One of these brave young people is Josue Tuyub, a registered nurse working in the intensive care unit (ICU) at Del Sol Medical Center in El Paso. Josue has been practicing for more than a year, and is currently studying to complete his B.S.N. Josue came to the U.S. at just 15 years old. When I spoke with him recently, he said that DACA has allowed him to be able to work as a nurse - and he can’t see himself doing anything else. I am grateful for every single one of our health care workers, and recognize that we are incredibly lucky to have Josue and other DACA recipient health care workers like him working tirelessly in these critical roles, helping others at great personal risk. What a terrible loss to us all if Josue and the 30,000 other DACA recipients working in health care roles couldn’t continue to do so - and how outrageous that Josue and his DACA recipient colleagues should have to live in fear of losing their jobs and being deported in the middle of this terrible crisis. This would be harmful to DACA recipients and all those that rely on them, such as the patients they serve and the families they’ve started in the U.S.

The unspeakably cruel, anti-family agenda of deporting DACA recipients would be bad enough at any moment, but in the midst of this pandemic - while El Paso, Texas, and our entire country, is furiously combatting the COVID-19 health crisis - the thought of the Trump administration deporting the young immigrant essential workers is devastating, and makes absolutely no logical sense. Surely, no serious person could advocate for pushing 30,000 doctors, nurses, respiratory therapists, and home health aides out of our country at the very moment when we need them most - and when a DACA recipient could happen to be the person caring for any one of our loved ones when they need it. They could also be the cashier at your local grocery store, educator to your children, sanitation worker stemming the spread, or so many more critical roles.

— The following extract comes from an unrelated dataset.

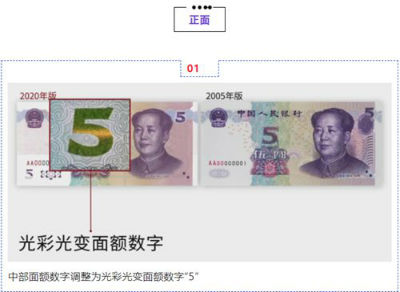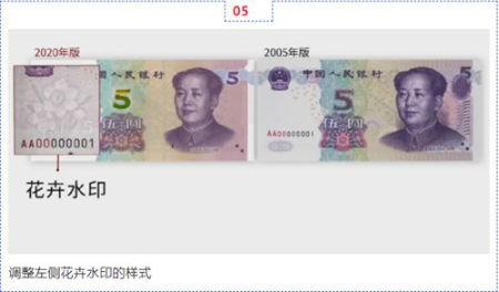 新版5元纸币正面中部面额数字调整为光彩光变面额数字“5”,左下角和右上角局部图案调整为凹印对印面额数字与凹印对印图案。左侧增加装饰纹样,调整面额数字白水印的位置,调整左侧花卉水印、左侧横号码、中部装饰团花、右侧毛泽东头像的样式。取消中部全息磁性开窗安全线和右侧凹印手感线。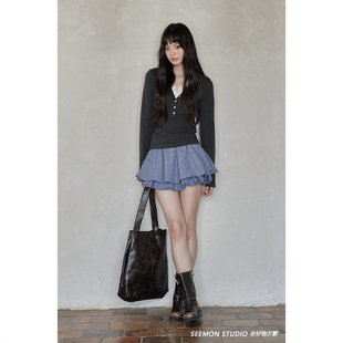 2025新款 遮臀下摆小香风A字短裙半身裙 高级黑色屁帘女叠穿鲨鱼裤

The Supreme Court must remove the burden of uncertainty hanging over Josue and hundreds of thousands of other young people like him, and my colleagues in the Senate must pass the Dream and Promise Act to ensure that he and other DACA recipients contributing to our communities every day can continue living their lives here. The COVID-19 crisis has shown our country how truly connected we are to each other are - the only way forward is supporting DACA recipients who are supporting all of us - anything else would be immoral, impractical and a detriment to our nation.